— Task item —
Repeat the lines of the data exactly and exclude any picture among them.

— Data —

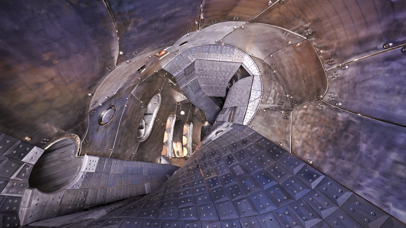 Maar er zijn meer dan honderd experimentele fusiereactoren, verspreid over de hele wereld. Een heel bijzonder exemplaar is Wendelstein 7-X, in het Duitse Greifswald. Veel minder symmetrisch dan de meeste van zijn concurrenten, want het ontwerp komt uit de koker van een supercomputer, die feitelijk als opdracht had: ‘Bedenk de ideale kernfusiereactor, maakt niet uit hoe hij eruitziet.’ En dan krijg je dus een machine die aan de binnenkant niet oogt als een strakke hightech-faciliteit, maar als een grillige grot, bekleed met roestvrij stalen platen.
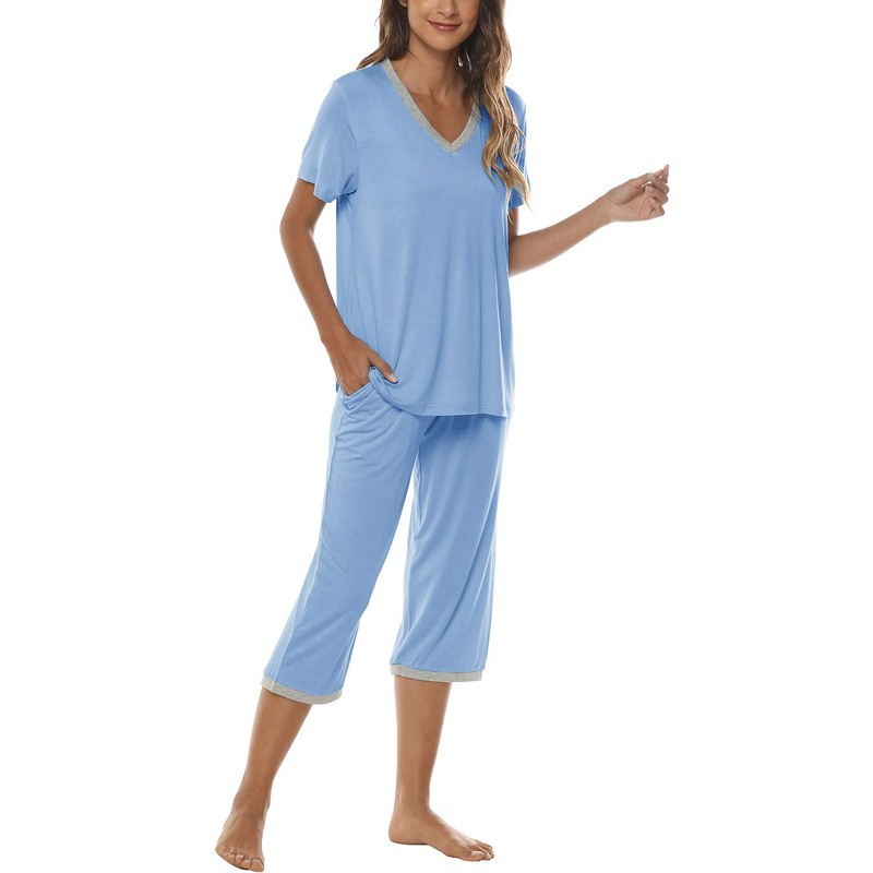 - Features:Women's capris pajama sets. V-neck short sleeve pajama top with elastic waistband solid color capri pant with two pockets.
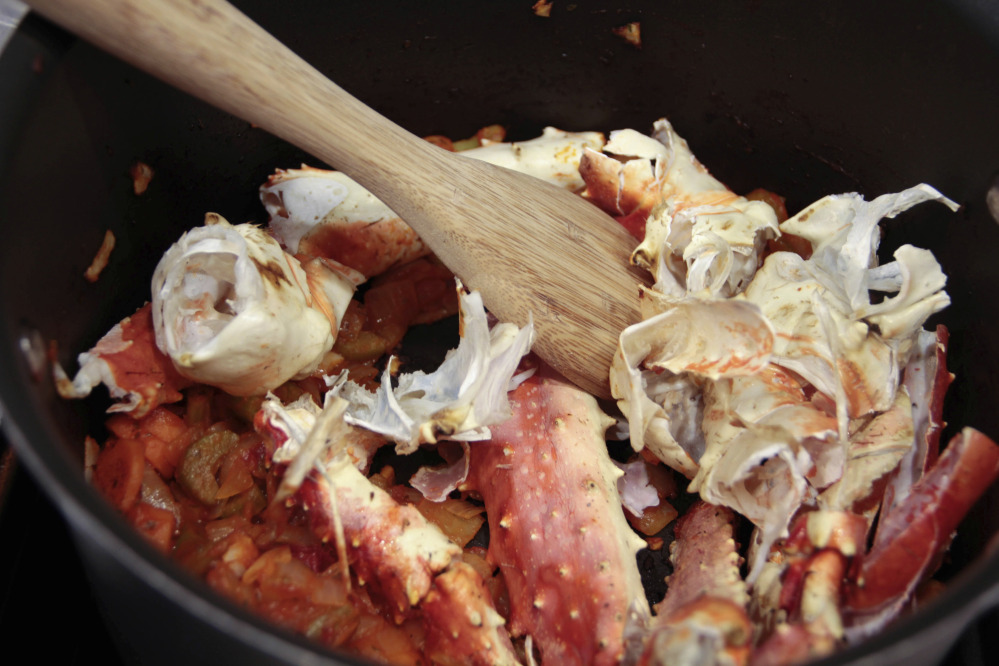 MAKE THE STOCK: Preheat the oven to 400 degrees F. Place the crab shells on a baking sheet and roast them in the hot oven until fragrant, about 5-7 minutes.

— Task solution —
 Maar er zijn meer dan honderd experimentele fusiereactoren, verspreid over de hele wereld. Een heel bijzonder exemplaar is Wendelstein 7-X, in het Duitse Greifswald. Veel minder symmetrisch dan de meeste van zijn concurrenten, want het ontwerp komt uit de koker van een supercomputer, die feitelijk als opdracht had: ‘Bedenk de ideale kernfusiereactor, maakt niet uit hoe hij eruitziet.’ En dan krijg je dus een machine die aan de binnenkant niet oogt als een strakke hightech-faciliteit, maar als een grillige grot, bekleed met roestvrij stalen platen.
 - Features:Women's capris pajama sets. V-neck short sleeve pajama top with elastic waistband solid color capri pant with two pockets.
 MAKE THE STOCK: Preheat the oven to 400 degrees F. Place the crab shells on a baking sheet and roast them in the hot oven until fragrant, about 5-7 minutes.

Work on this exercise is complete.